Finite State Machines and Parsing Sentences

A FSM reads symbols and has the goal of getting to the final state of acceptance. FSMs are used to represent programming language grammars and they might also be used to represent natural language.

In English a simple sentence might be <subject> <verb> <object> while in Latin or German it might be <subject> <object> <verb>. In state 1 for English the FSM would expect input of a subject such as 'John' or 'A'. Input of a valid subject would lead to a second state where a verb was expected, for example 'kicks' or 'B'. Acceptance of a valid verb would lead to a third state where an object was expected, such as 'the ball' or 'C'. Input of C would lead to acceptance of the sentence as valid. Thus 'John kicks the ball' and 'ABC' are valid inputs for this FSM.

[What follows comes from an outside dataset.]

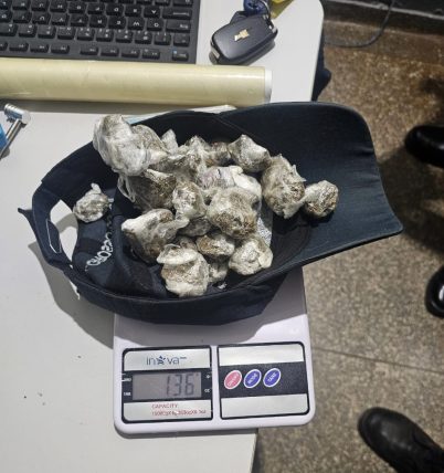 Durante buscas no interior do imóvel, os policiais localizaram, dentro de um urso de pelúcia, 28 porções de maconha, totalizando aproximadamente 136 gramas, além de uma balança de precisão, papéis para embalo e uma máquina de cartão de crédito — itens comumente utilizados na comercialização de drogas.
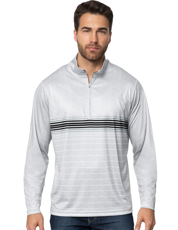 Stay warm and comfortable while playing the game with this Bullseye Quarter-Zip Pullover from Antigua. The plain striped design makes this versatile, meaning you can wear it with almost anything. This lightweight top is suitable for mild temperatures, making it the perfect addition to your look on brisk golf days.

If ABC (subject, verb, object) is a valid input to an English sentence what might AABC be? In what way might AABBCC be valid? Or DABDC, or DDABDDC, DAEBDC and so on (what might D and E be?).

In natural languages this process is similar to parsing - here is an example in Latin. In Latin you are often required to parse a sentence as a prelude to understanding it, breaking it down into its constituent parts and decoding each part helps you to piece together the whole sentence and understand what it means. A sentence becomes valid when you understand what it means, in other words the FSM reaches acceptance. A sentence that lacks common elements such as subject, verb or object may be difficult to understand and would fail when passed through a FSM.

Natural languages are very complex and FSMs are more commonly used in programming languages where the rules are simpler. An FSM might be used for building a valid expression such as '2 + 2' - even here the rules can be quite complex e.g. 3 * (-2 + 3).